* _Problem description_
Leave out the pictures, and retype the remaining data exactly.

* _Data extract_

+--

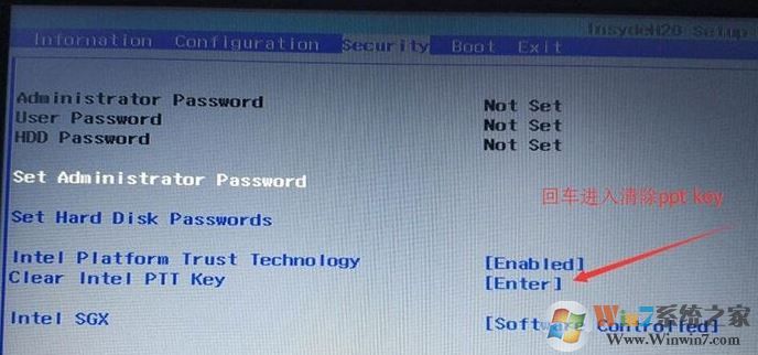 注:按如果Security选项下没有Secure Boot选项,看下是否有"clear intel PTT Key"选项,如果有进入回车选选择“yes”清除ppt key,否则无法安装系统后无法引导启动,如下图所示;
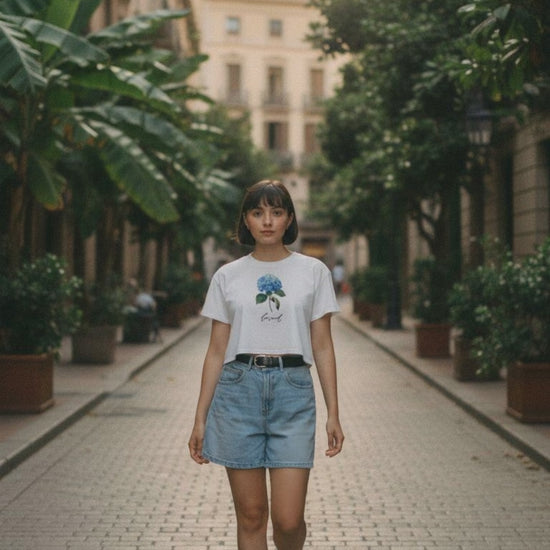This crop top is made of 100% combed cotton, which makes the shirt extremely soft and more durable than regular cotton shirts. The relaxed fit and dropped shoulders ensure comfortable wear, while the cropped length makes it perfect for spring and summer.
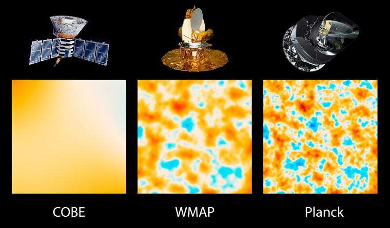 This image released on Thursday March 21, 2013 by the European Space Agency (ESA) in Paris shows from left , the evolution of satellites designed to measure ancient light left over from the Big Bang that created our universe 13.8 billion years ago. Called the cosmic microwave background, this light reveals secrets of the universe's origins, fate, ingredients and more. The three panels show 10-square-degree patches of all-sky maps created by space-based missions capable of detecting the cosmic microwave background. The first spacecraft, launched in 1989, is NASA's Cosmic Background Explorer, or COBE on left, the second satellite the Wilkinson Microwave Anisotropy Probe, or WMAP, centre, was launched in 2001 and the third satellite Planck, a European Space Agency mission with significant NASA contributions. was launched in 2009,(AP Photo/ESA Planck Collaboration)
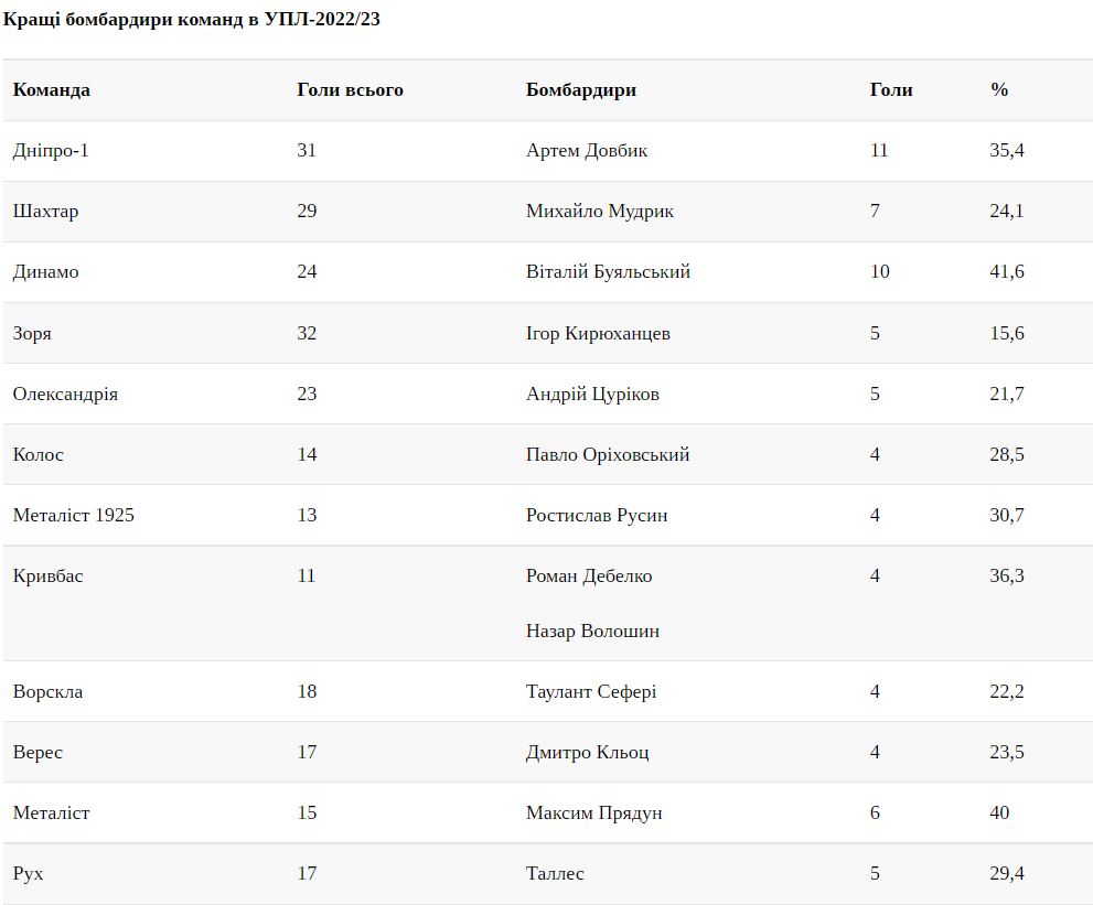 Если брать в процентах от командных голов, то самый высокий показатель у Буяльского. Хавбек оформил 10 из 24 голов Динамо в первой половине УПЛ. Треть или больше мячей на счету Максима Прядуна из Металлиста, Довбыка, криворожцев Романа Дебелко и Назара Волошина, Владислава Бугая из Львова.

+--

* _Problem solution_
 注:按如果Security选项下没有Secure Boot选项,看下是否有"clear intel PTT Key"选项,如果有进入回车选选择“yes”清除ppt key,否则无法安装系统后无法引导启动,如下图所示;
This crop top is made of 100% combed cotton, which makes the shirt extremely soft and more durable than regular cotton shirts. The relaxed fit and dropped shoulders ensure comfortable wear, while the cropped length makes it perfect for spring and summer.
 This image released on Thursday March 21, 2013 by the European Space Agency (ESA) in Paris shows from left , the evolution of satellites designed to measure ancient light left over from the Big Bang that created our universe 13.8 billion years ago. Called the cosmic microwave background, this light reveals secrets of the universe's origins, fate, ingredients and more. The three panels show 10-square-degree patches of all-sky maps created by space-based missions capable of detecting the cosmic microwave background. The first spacecraft, launched in 1989, is NASA's Cosmic Background Explorer, or COBE on left, the second satellite the Wilkinson Microwave Anisotropy Probe, or WMAP, centre, was launched in 2001 and the third satellite Planck, a European Space Agency mission with significant NASA contributions. was launched in 2009,(AP Photo/ESA Planck Collaboration)
 Если брать в процентах от командных голов, то самый высокий показатель у Буяльского. Хавбек оформил 10 из 24 голов Динамо в первой половине УПЛ. Треть или больше мячей на счету Максима Прядуна из Металлиста, Довбыка, криворожцев Романа Дебелко и Назара Волошина, Владислава Бугая из Львова.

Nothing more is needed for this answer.